Rima Chahrouk
Hidden in the Savanna of Nigeria, abounded with rain forests, oil palm, and fertility; a flame lit an invigorating female empowerment, leadership, and competence.
The light of her works continues to inspire and is practiced 153 years ensuing her death. Daughter of the Sokoto caliph, named after Asma’ bint Abu Bakr, she is Nana Asma’u.
The English recognize her as an early feminist icon. West African Muslims honor her, praise her efforts in augmenting the divine rights of women to learn and be active members in society, reinforcing dual gender roles, rights that had been selfishly absconded in preceding generations.
During her time, she influenced masses in West Africa, intellects from the Banks of the Nile, and scholars towards the peripheries of the Middle East.
A poet, scholar, teacher, polymath, and intellectual in her own right, Asma’u’s contributions to society annihilate apocryphal stereotypes of Muslim women in history, as devalued beings coerced to silence and domestic duty. Decades later, during the British colonization, British delegates would respond in shock towards the noble standard of intellectual milieu in which the Sokoto society operated.
When Jean Boyd was sent by the British to educate Nigerians, she records, “there is literacy here, there is God, so let me go back and try to learn from the very people I was supposed to educate”.
Beginning of the Story
The story of Asma’u begins before her birth, enveloped underneath the cognition, perception and wisdom instilled into her father.
Usman Fodio, was highly respected, an expert in Maliki Fiqh and follower of the Qadiriya order of Sufism. He was taught by his mother Hawa, and his grandmother Ruqaya.
The influence of his female teachers allowed him to realize the lack of female education retrograded skilled, enlightened, and prolific societies. As he grew, he encountered the rise of paganism and disorder in his homeland, resulting in the exile of him and his followers.
Followed with years of jihad and war, he found the Sokoto Empire in the land of Hausa. Usman sought to reinforce Islam saw that the greatest and most corrupt bid’ah (innovation) in a society was the marginalization of women in Education and community.
Usman Fodio wrote:
“Muslim women! Do not listen to the speech of those who are misguided and who sow the seed of error in the heart of another; they deceive you when they stress obedience to your husbands without telling you of obedience to God and His Messenger (May God show him bounty and grant him salvation), and when they say that the woman finds her happiness in obedience to her husband.
They seek only their own satisfaction, and that is why they impose upon you tasks which the Law of God and His Prophet never especially assigned to you. Such are the preparation of foodstuffs, the washing of clothes, and other duties which they like to impose upon you, while they neglect to teach you what God and the Prophet have prescribed for you.”
A Quran Translator, a Poet, and a Feminist
Asma’u was recognized for her intellectual merit, as she had already memorized the Quran, and learnt fiqh (jurisprudence) from a young age.
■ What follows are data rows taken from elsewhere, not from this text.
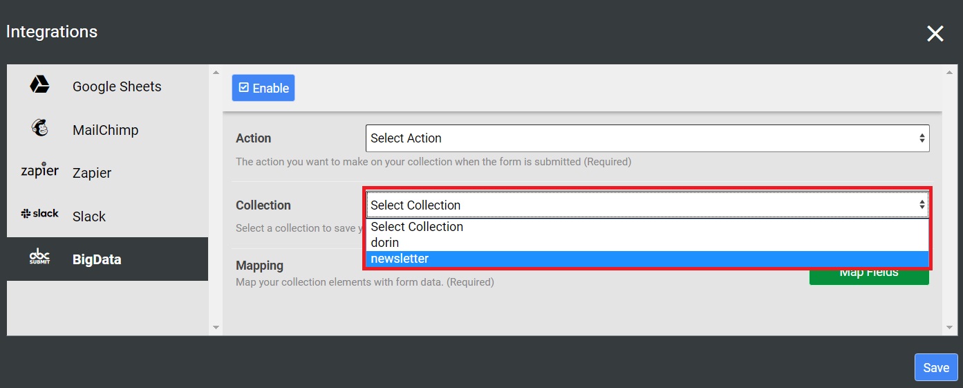 In order to send the right form data to your BigData Collection, you must map your form fields to your collection columns.
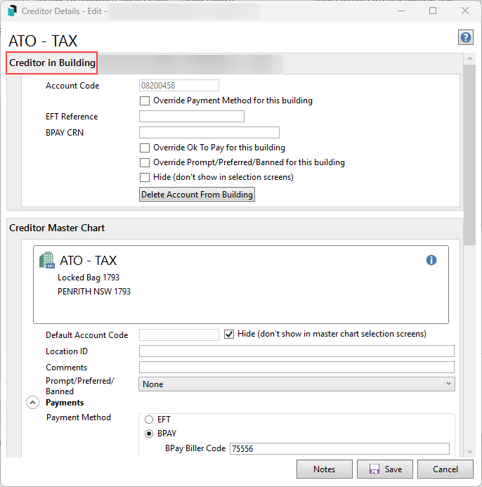 The ATO defined Creditor is set in the New Building Setup screen for all new buildings and amended in Building Information - GST / Tax Setup. The Creditor reference numbers for payment for BPAY or EFT are set in Creditor Maintenance.
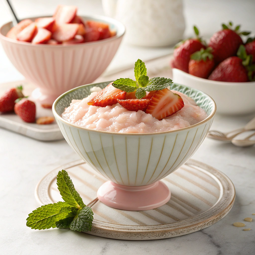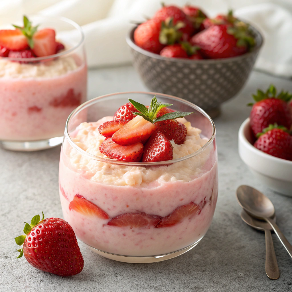 Egy krémes és édes rizspuding epres ízzel, tökéletes desszert minden alkalomra.
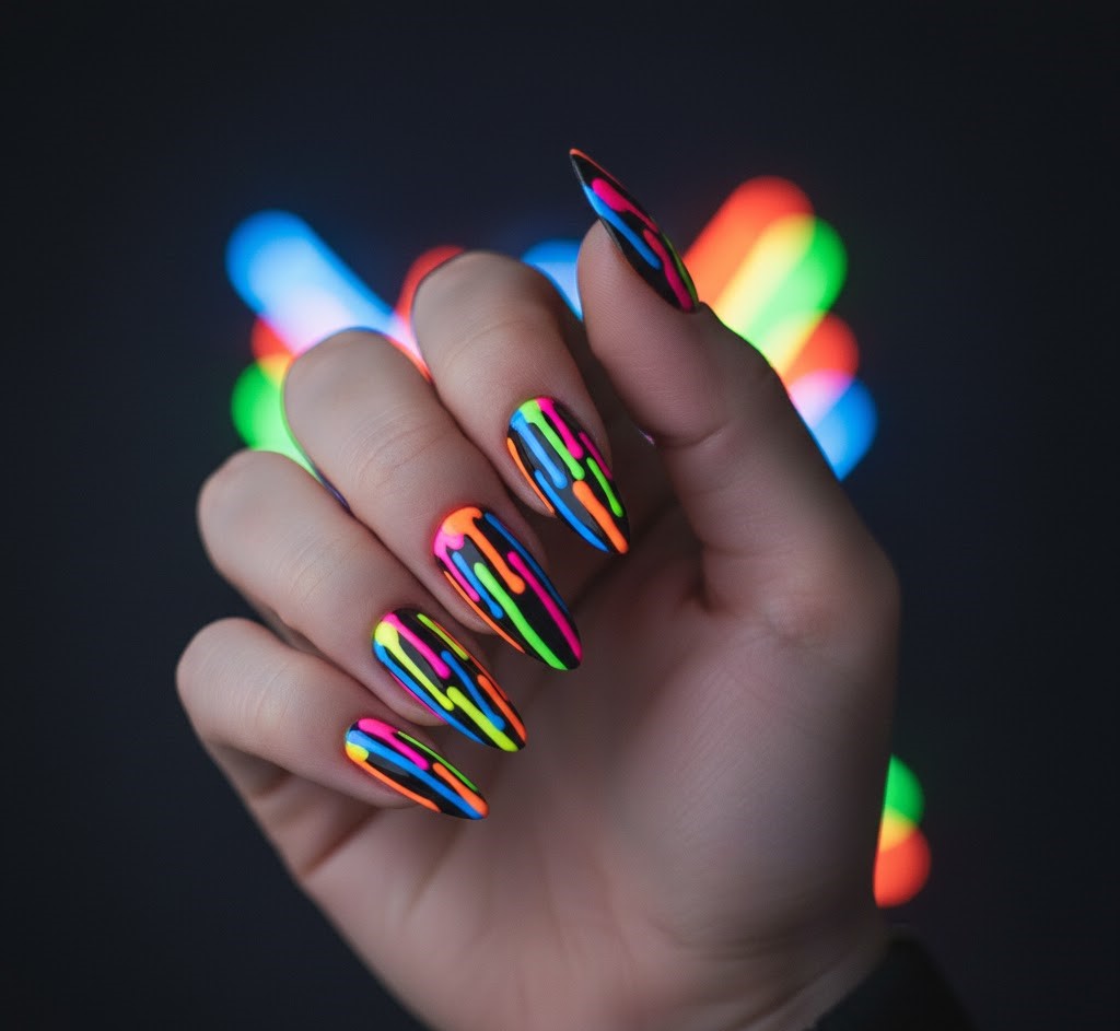 Neon drip art nails bring a burst of playful energy to the stiletto shape. A soft nude base keeps the design grounded and wearable. Bright neon colors drip from the tips as if freshly painted. The drips can be bold or thin, creating movement and personality. This look is vibrant, youthful, and fun. It stands out without feeling chaotic. The nude background balances the intensity of the neon shades. It’s perfect for summer, festivals, or creative fashion moments. The stiletto shape gives the drips extra flair. The design can be customized with multiple neon shades or a single bold tone. These nails add excitement to any outfit. They feel expressive and unique. The look brings artistic, street-style vibes. It’s a set that radiates personality and fearless creativity.

Fluent in four languages Fulfulde, Hausa, Tamacheq and Classical Arabic, and a trinlingual author, she wrote Tafseer of the Quran, Biography of the Prophet, and Tibb al-Nabawi (Medicine of the Prophet).
During her pregnancy she translated the Quran into Fulfude and Hausa, as well as Ibn al-Jawzi’s Sifaatu Safwa, she has over 60 published works that have survived and are being studied until this day.
Asma’u orchestrated an educational movement, Yan Taru. A network of itinerant female educators, who were granted the title Jaji. The Jaji walked long distances to rural villages with the intention of educating women. The Jaji were responsible in transmitting the works and poetry of Asma’u.
The poetry of Asma’u was generally covered religious duties, resurrection, sins, repentance, paradise, and the love for the Prophet Muhammad. One such poem could entail 1,200 verses and take 6 hours to recite. Through her poetry Asma’u was able to reinforce the Islamic principles of the Quran and Sunnah.
Albeit Jajis were subject to cruel weathers and predators, they were instilled with Asma’u’s dedication to spread knowledge. In fact most women in Sokoto were poets, and well versed in classical Arabic literature. The society was in awe and love towards the Quran, it is therefore not surprising to encounter frequent references in Hausa and Fulfulde poetry alluring to the Quran.
Yan Taru continues to take place in West Africa and North America.
It was neither effective nor appropriate to expect rural women immersed in marriage and domestic duty to abandon their roles and come to Sokoto for an education.
Asma’u and her father found no virtue in knowledge that was not taught. In her role, both as an intellectual and a mother, she was aware by educating a woman, she was able to educate and reconstruct households, and through Jaji, Asma’u was able to develop a war-torn community into an intellectual power.
Asma’u’s achievements cannot be framed in an article, because years of continuing work cannot be outlined in a few minutes of reading. But I hope I have properly introduced this wonderful woman to today’s generation.